I think many people could have told them that after the first couple of games last year - I hope this was not some ahha moment in the practices leading up to the game - Yes we will need to throw to win some games which is the scary part it will feast or famine in those games. Very quickly if not already teams will just stack the box against us and put the game in TA's hands
This is exactly what happened in 2014, and will happen again. The last staff let TA throw to the sideline and deep and never called anything over the middle. This staff had to do their own evaluation, but are playing him in a similar way this year. Teams will stack the box and dare us to pass deep. Tommy can do that, and we have the receivers to do that. That will be the formula for when the run game stops working.
 
So, you believe officials should judge "intent"?

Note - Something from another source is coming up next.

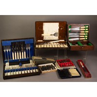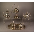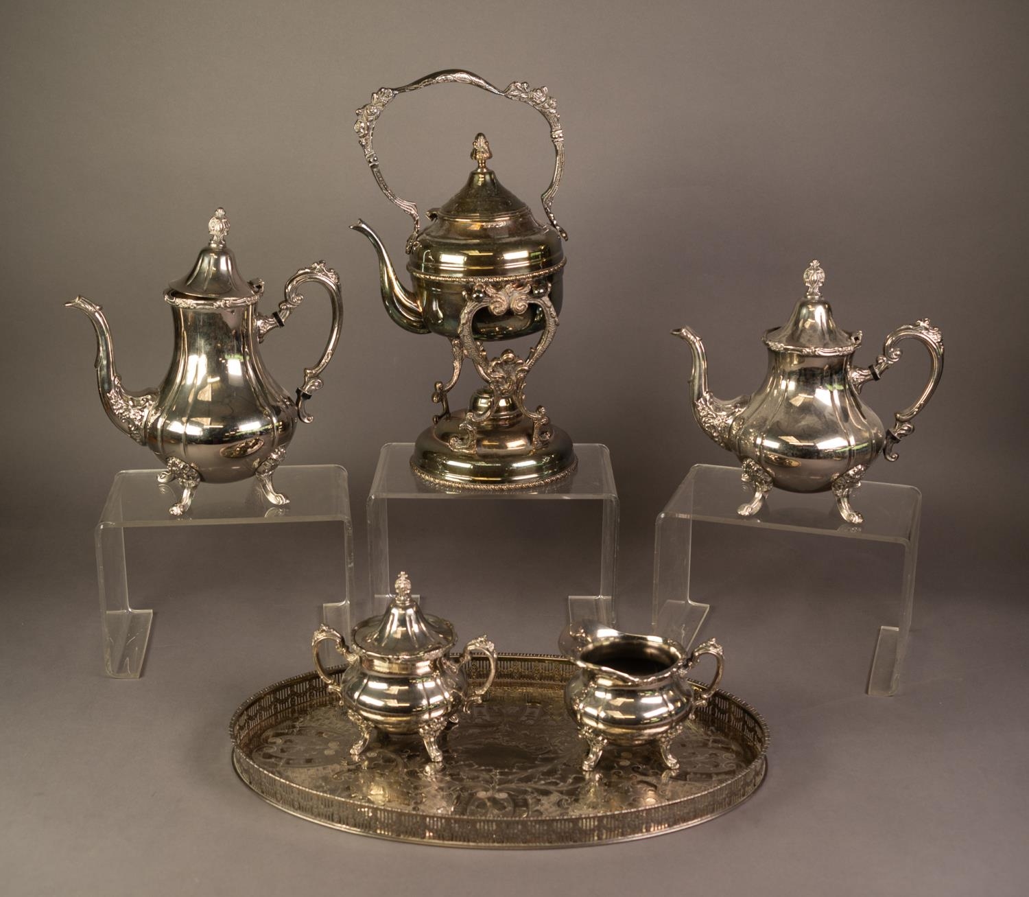 HOUSE OF FRAZER FOUR PIECE ELECTROPLATED TEA AND COFFEE SET, of baluster form with ornate scroll handles, cast finials and scroll supports, together with an ELECTROPLATED SPIRIT KETTLE ON STAND, cover a/f, and an OVAL GALLERIED TRAY with scroll chased centre and embossed garlands to the gallery, 17 ½” x 11 ¼” (44.4cm x 28.6cm), (6)

You wouldn't happen to have this week's upcoming Winning Powerball numbers, would you?

Thanks, I thought not!

Uh...I think so. It's pretty easy to tell whether a player was trying to rip someone's head off, or if the helmet collision was a result of the offensive player's helmet changing elevation or moving laterally prior to the hit. If a player practiced good fundamental tackling during the tackle, but still made helmet to helmet contact, should they be booted? Nope. And this can be determined by watching the video. If it was just bad luck, a player shouldn't be kicked out.
 
good point and I am sure you are right plus they were coming from a passing system hard to switch gears
To be honest, last year was a cluster f*** from a lot of different angles. From players to coaches to bad luck. You had players that wanted to buy in that were fragile mentally and all of the close/ freaky lossesdestroyed some of the faith and splintered this team. You had coaches who didn't trust in the running game so much that they thought they thought they could be QB whisperers to an erratic QB who showed some signs of promise. They also knew that their best playmakers were in the receiving core and wanted to try to get them the ball. They have been humbled this year and know what they have with Tommy. He has to be a tough qb to call plays for. He can go from 8-10 for 125 yards and 2 TD in one quarter to 3-15 for 40 yards and 2 INT's the very next quarter. You alo saw some of the issues that plagued this staff at OSU creep up at at times here. Just a bad year all around and time to move forward and win this year.